Comment by Thomas De Schampheleire, on 2015-07-24 11:24

@udono Good that you found a solution. I still wonder though what was causing this problem. Would you care testing the problem (with the change in postgresql.conf undone) with following cases: - LANG=de_DE.UTF-8 + LC_ALL=de_DE.UTF-8 (all other LC_* variables unset) - LANG=en_US.utf8 (all LC variables unset; this is the situation I have and I know works). - LC_ALL=en_US.UTF-8 + LANG=en_US.utf8

Obviously you will have to restart Kallithea between each test.

This analysis can serve as input into improving the documentation.
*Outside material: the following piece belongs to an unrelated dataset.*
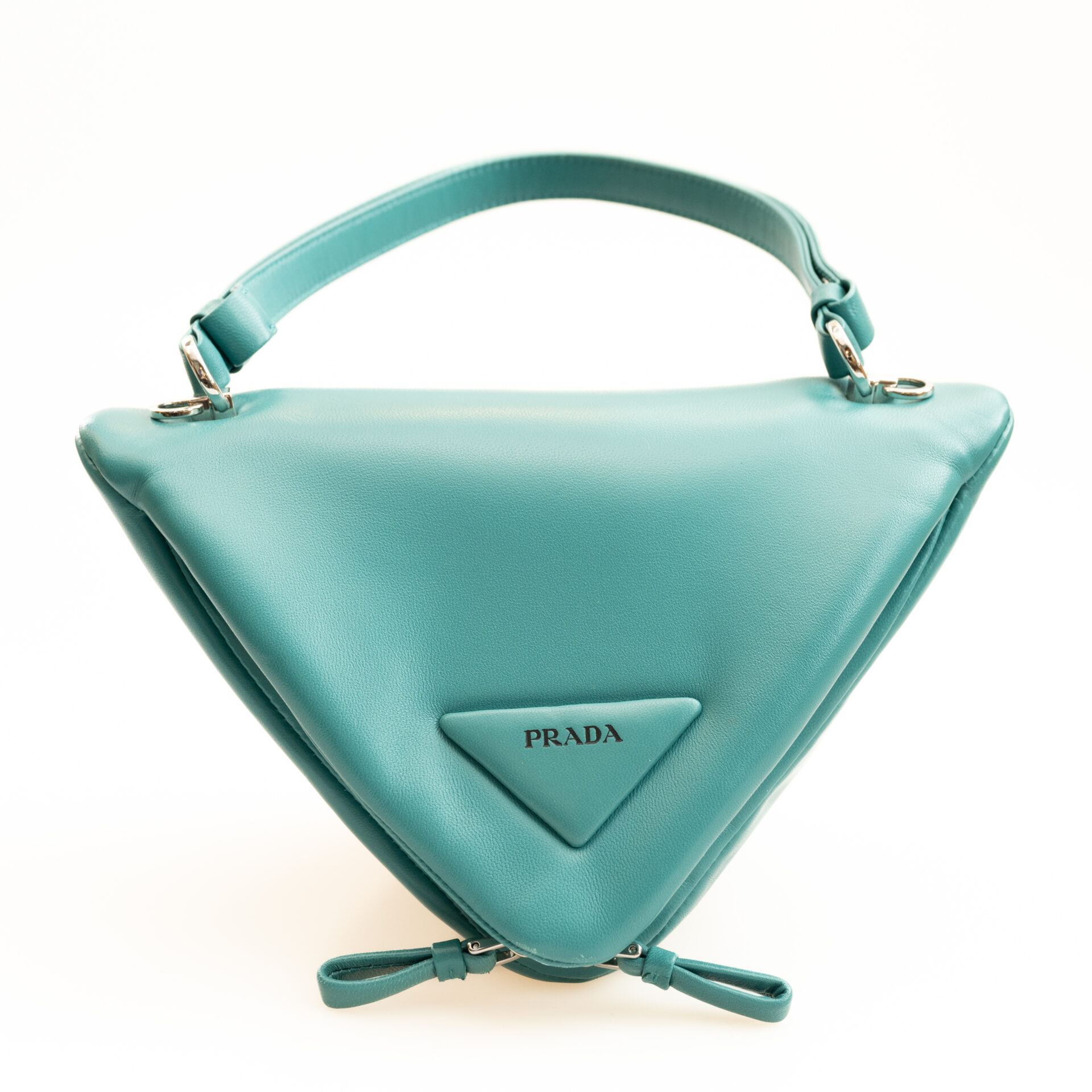 プラダのトライアングルハンドバッグをお買取させていただきました。三角形型のハンドバッグで中央にロゴプレートが配置された珍しいデザインで中古市場にもほぼ流通していないバッグの一つです。今回ご依頼いただいたお品物は使用感もほとんどなく美品とご評価させていただきました。柔らかめのナッパレザーのアイテムのため使用感が出やすい傾向にありますが、細かな小傷もなくショルダーストラップ等も揃った状態でのお査定でしたので10万円にてお買取させていただきました。

Thanks a lot in advance...

Comment by Udo Spallek, on 2015-07-24 17:28

I still wonder though what was causing this problem.

IMHO has Kallithea UTF-8 problems, when the client_encoding is set to SQL_ASCII in postgresql.conf.
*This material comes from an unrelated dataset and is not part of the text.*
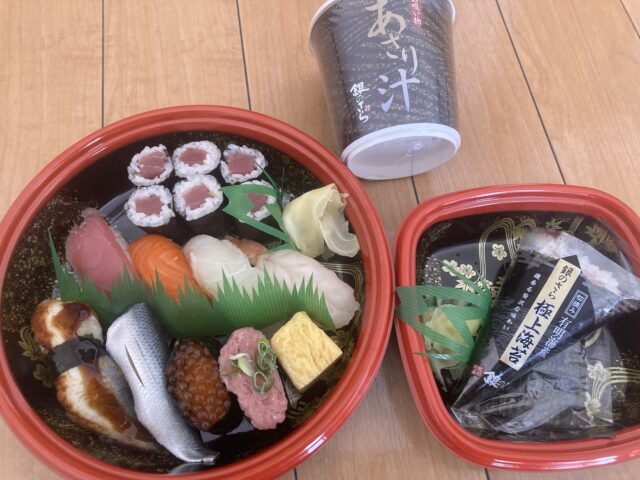 米にするつもりで保有していましたが、申請を忘れていたので、近場の銀のさらでお寿司を持ち帰りしました。

A solution could be enforcing the client encoding[1] in kallithea/sqalchemy.

Workarounds are a. to remove the SQL_ASCII or b. to set utf8 client_encoding in postgresql.conf.

[1] http://initd.org/psycopg/docs/connection.html#connection.set_client_encoding

=============
All Scenarios
=============
dispatch.wsgi
=============

Reset general locale setup:

os.environ['LANG'] = ''
os.environ['LC_CTYPE'] =""
os.environ['LC_NUMERIC'] =""
os.environ['LC_TIME'] =""
os.environ['LC_COLLATE'] =""
os.environ['LC_MONETARY'] =""
os.environ['LC_MESSAGES'] =""
os.environ['LC_PAPER'] =""
os.environ['LC_NAME'] =""
os.environ['LC_ADDRESS'] =""
os.environ['LC_TELEPHONE'] =""
os.environ['LC_MEASUREMENT'] =""
os.environ['LC_IDENTIFICATION'] =""
os.environ['LC_ALL'] = ""


Scenario A
==========
postgresql.conf
---------------
Change from:
    client_encoding = utf8
to:
    client_encoding = SQL_ASCII


Scenario A1
-----------
LANG=de_DE.UTF-8 + LC_ALL=de_DE.UTF-8 (all other LC_* variables unset)
os.environ['LANG'] = 'de_DE.UTF-8'
os.environ['LC_ALL'] = 'de_DE.UTF-8'
::
    $ systemctl restart uwsgi-emperor

Same Error


Scenario A2
-----------
LANG=en_US.utf8 (all LC variables unset; this is the situation I have and I
know works).
os.environ['LANG'] = 'en_US.UTF-8'
::
    $ systemctl restart uwsgi-emperor

Same Error


Scenario A3
-----------
LC_ALL=en_US.UTF-8 + LANG=en_US.utf8
os.environ['LANG'] = 'en_US.UTF-8'
os.environ['LC_ALL'] = 'en_US.UTF-8'
::
    $ systemctl restart uwsgi-emperor

Same Error


Scenario B
==========
postgresql.conf
---------------
Remove option:
    client_encoding = utf8

and use Postgres default.


Scenario B1
-----------
LANG=de_DE.UTF-8 + LC_ALL=de_DE.UTF-8 (all other LC_* variables unset)
os.environ['LANG'] = 'de_DE.UTF-8'
os.environ['LC_ALL'] = 'de_DE.UTF-8'
::
    $ systemctl restart uwsgi-emperor

Works Perfect


Scenario B2
-----------
LANG=en_US.utf8 (all LC variables unset; this is the situation I have and I
know works).
os.environ['LANG'] = 'en_US.UTF-8'
::
    $ systemctl restart uwsgi-emperor

Works perfect


Scenario B3
-----------
LC_ALL=en_US.UTF-8 + LANG=en_US.utf8
os.environ['LANG'] = 'en_US.UTF-8'
os.environ['LC_ALL'] = 'en_US.UTF-8'
::
    $ systemctl restart uwsgi-emperor

Works perfect


Scenario C
==========
postgresql.conf
---------------
Set:
    client_encoding = utf8


Scenario C1
-----------
LANG=de_DE.UTF-8 + LC_ALL=de_DE.UTF-8 (all other LC_* variables unset)
os.environ['LANG'] = 'de_DE.UTF-8'
os.environ['LC_ALL'] = 'de_DE.UTF-8'
::
    $ systemctl restart uwsgi-emperor

Works Perfect


Scenario C2
-----------
LANG=en_US.utf8 (all LC variables unset; this is the situation I have and I
know works).
os.environ['LANG'] = 'en_US.UTF-8'
::
    $ systemctl restart uwsgi-emperor

Works perfect


Scenario C3
-----------
LC_ALL=en_US.UTF-8 + LANG=en_US.utf8
os.environ['LANG'] = 'en_US.UTF-8'
os.environ['LC_ALL'] = 'en_US.UTF-8'
::
    $ systemctl restart uwsgi-emperor

Works perfect

Comment by Mads Kiilerich, on 2015-07-24 18:32

ASCII means no unicode. Why would anybody want to configure that if they want unicode? And if they do, is that Kallithea's problem?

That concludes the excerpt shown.